Private user groups are intended for migrating scripts into folders in the SA Library. You should not assign permissions to users using private user groups. You should use regular user groups. For more information, see SA users and user groups.

When an SA administrator creates a new user, SA automatically creates a private user group for the new user and assigns the new user to the private user group. The name of the private user group is the user name.

A private user group can contain only one SA user and every SA user can belong to only one private user group. The SA administrator can then assign action and resource permissions to the private user group. The permissions that you specify for a private user group determine what the user can do with SA. Action permissions specify what actions the user can perform; resource permissions indicate the servers on which the user can perform the actions. Global File System (OGFS) permissions cannot be assigned to a private user group.

For example, when an SA Administrator creates a new user with user name john, a private user group john is also created, and a default folder called john is created in the Home directory.
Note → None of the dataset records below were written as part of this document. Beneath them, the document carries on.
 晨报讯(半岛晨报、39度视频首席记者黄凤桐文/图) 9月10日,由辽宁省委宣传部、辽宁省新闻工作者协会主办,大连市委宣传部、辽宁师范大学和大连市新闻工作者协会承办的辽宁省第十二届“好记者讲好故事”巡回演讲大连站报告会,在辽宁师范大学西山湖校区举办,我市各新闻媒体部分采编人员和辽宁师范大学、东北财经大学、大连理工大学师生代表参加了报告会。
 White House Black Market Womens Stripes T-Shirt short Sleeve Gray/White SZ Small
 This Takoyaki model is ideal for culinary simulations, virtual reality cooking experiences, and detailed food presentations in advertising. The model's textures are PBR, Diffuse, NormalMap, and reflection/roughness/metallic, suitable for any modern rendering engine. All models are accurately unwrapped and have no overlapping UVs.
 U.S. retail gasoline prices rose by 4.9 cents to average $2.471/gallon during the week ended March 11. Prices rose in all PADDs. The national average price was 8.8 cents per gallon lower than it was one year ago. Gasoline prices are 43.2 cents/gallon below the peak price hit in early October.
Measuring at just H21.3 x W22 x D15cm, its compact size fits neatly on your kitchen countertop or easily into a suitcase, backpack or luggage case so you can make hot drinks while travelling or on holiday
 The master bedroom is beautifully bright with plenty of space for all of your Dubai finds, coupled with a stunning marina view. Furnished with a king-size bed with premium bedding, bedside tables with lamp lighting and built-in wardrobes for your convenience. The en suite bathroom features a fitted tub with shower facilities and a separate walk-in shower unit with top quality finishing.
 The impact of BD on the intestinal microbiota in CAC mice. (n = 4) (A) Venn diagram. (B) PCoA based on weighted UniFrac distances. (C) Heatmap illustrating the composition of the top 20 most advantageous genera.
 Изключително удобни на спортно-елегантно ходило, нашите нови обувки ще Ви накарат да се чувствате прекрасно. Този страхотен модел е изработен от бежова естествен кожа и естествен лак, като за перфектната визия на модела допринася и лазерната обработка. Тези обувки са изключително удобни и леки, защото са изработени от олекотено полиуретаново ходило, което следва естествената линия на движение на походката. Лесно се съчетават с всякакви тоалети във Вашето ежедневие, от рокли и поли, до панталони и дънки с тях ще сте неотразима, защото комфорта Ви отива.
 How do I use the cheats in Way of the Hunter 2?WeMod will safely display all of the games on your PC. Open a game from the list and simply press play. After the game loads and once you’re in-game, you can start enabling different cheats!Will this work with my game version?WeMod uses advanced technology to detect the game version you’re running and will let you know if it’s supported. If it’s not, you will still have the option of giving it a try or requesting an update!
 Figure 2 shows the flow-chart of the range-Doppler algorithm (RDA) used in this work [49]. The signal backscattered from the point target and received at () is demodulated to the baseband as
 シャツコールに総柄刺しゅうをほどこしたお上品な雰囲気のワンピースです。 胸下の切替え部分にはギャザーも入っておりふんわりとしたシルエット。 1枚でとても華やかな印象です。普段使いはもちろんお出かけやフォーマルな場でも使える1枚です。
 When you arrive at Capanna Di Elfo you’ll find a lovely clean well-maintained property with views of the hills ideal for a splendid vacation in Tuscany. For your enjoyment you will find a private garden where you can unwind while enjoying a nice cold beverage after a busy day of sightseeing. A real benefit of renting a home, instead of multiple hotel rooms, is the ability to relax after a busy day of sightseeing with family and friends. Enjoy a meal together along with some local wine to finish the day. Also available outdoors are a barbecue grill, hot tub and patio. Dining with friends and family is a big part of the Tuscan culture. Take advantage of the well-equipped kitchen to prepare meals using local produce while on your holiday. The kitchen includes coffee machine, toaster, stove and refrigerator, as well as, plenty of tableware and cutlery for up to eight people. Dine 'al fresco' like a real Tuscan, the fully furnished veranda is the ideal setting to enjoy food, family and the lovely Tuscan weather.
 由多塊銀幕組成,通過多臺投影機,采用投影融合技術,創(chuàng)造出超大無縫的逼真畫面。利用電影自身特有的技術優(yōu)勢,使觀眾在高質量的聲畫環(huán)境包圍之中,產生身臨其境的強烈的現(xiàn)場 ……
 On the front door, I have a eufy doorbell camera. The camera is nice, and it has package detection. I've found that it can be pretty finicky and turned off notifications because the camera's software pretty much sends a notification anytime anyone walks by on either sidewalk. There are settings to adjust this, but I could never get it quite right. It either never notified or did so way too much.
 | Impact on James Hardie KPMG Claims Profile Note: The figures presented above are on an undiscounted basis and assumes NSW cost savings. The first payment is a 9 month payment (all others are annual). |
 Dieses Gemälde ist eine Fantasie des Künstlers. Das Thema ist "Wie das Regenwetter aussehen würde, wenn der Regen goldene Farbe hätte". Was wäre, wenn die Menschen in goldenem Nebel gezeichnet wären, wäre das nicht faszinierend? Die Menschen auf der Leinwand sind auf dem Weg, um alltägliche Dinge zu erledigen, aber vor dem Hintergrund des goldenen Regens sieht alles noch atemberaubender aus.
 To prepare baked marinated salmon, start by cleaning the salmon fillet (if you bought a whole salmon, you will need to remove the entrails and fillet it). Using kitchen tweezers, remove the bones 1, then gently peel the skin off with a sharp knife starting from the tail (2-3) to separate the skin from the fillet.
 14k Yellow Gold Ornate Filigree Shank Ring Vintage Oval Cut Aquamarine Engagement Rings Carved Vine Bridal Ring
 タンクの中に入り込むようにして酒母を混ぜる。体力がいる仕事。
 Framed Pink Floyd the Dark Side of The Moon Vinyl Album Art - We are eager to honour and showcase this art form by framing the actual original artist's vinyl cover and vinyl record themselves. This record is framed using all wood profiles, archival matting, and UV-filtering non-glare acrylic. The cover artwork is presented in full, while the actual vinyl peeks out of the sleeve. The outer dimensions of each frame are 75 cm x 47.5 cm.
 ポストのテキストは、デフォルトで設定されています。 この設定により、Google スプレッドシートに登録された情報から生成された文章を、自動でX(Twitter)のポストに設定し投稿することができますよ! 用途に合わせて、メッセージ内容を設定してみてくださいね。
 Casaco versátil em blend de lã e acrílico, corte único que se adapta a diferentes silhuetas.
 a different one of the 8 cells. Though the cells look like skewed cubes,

The SA Administrator can then assign action and resource permissions to the private user group john.

An SA user can be a member of multiple user groups and belong to the user’s private group. But then the derived permissions of the private user group is not a cross-product of the resource and action permissions of all groups to which the user belongs.

When a user is deleted, SA automatically deletes the corresponding private user group and the default folder for that user is moved to the location /Home/deleted_users in the SA Library.